Original file tst3.wav (1 min, 10058 Kb, PCM WAV 44.1 KHz, 16 bit, stereo)
Results and encoding parameters of MP3 OGG WMA
bitrate CBR 128 Kbps Mode 2 (VBR near 128 Kbps) CBR 128 Kbps
compressed file size 960 Kb 984 Kb 986 Kb
size of back decoded .WAV 10058 Kb (exact concurrence to the original) 10058 Kb (exact concurrence to the original) 10058 Kb (exact concurrence to the original)

Resulting amplitude-frequency response:

Resulting amplitude-frequency response (in the bigger scale)


Test 4 

Original file tst1.wav (40 sec, 7056 Kb, PCM WAV 44.1 KHz, 16 bit, stereo)
Results and encoding parameters of MP3 OGG WMA
bitrate VBR 160-192 Kbps Mode 3 (VBR near 160 Kbps) CBR 160 Kbps
compressed file size 800 Kb 817 Kb 813 Kb
size of back decoded .WAV 7064 Kb 7056 Kb (exact concurrence to the original) 7061 Kb

Resulting amplitude-frequency response


Test 5 

Original file tst3.wav (1 min, 10058 Kb, PCM WAV 44.1 KHz, 16 bit, stereo)
Results and encoding parameters of MP3 OGG WMA
bitrate VBR 128-192 Kbps Mode 3 (VBR near 160 Kbps) CBR 160 Kbps
compressed file size 1317 Kb 1241 Kb 1231 Kb
size of back decoded .WAV 1059 Kb 1058 Kb (exact concurrence to the original) 1058 Kb

Resulting amplitude-frequency response

Resulting amplitude-frequency response (in the bigger scale)

 

Let's stop on it and make a little conclusion. But before, one very important remark. It is necessary to say (important!), that used method of testing (comparing of diagrams of amplitude-frequency response) can't make us absolutely sure in accuracy of the results and conclusions made on these results. The reality is that two signals with even absolutely coincident diagrams can sound harshly different (in our case this phenomenon can be explained by using in different codecs of different psychoacoustic models). But nevertheless this method was chosen because all other testing methods are also not precise and moreover not so demonstrative.
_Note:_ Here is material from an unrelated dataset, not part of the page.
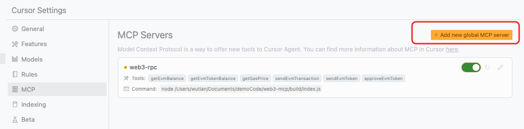 Improve more logic and methods, such as supporting multiple evm networks, querying gas, sending transactions, querying token information, and token transactions, and package them and reference them in Cursor. Cursor is a new intelligent IDE that seamlessly integrates AI technology. Cursor is built on VSCode, easy to use, and can greatly improve your work efficiency. It is also an application that supports MCP integration.

First of all, WMA shows the best results even on lowest tested bitrates (guys in Microsoft had worked very good), though cuts off the signal on 20 Khz. And in general, WMA, frankly speaking, has surprised me pleasantly. Ogg Vorbis is not less strong competitor, and though he also lags behind from WMA very little, but has a more flexible coding mechanism (it supports all without exception bitrates in the range from 8 up to 512 Kbps, also declared support of coding more than 2 channels), and also not cuts of the signal on 20 Khz even on lowest bitrates. MP3 in execution of Lame Encoder lives similar last days on my computer - under all tests, carried out by me, MP3 is worse than other tested codecs. Other conclusions I shall give to make you, the diagrams more than eloquent. But never forget: no diagram can convince you of quality as your own ears :-)!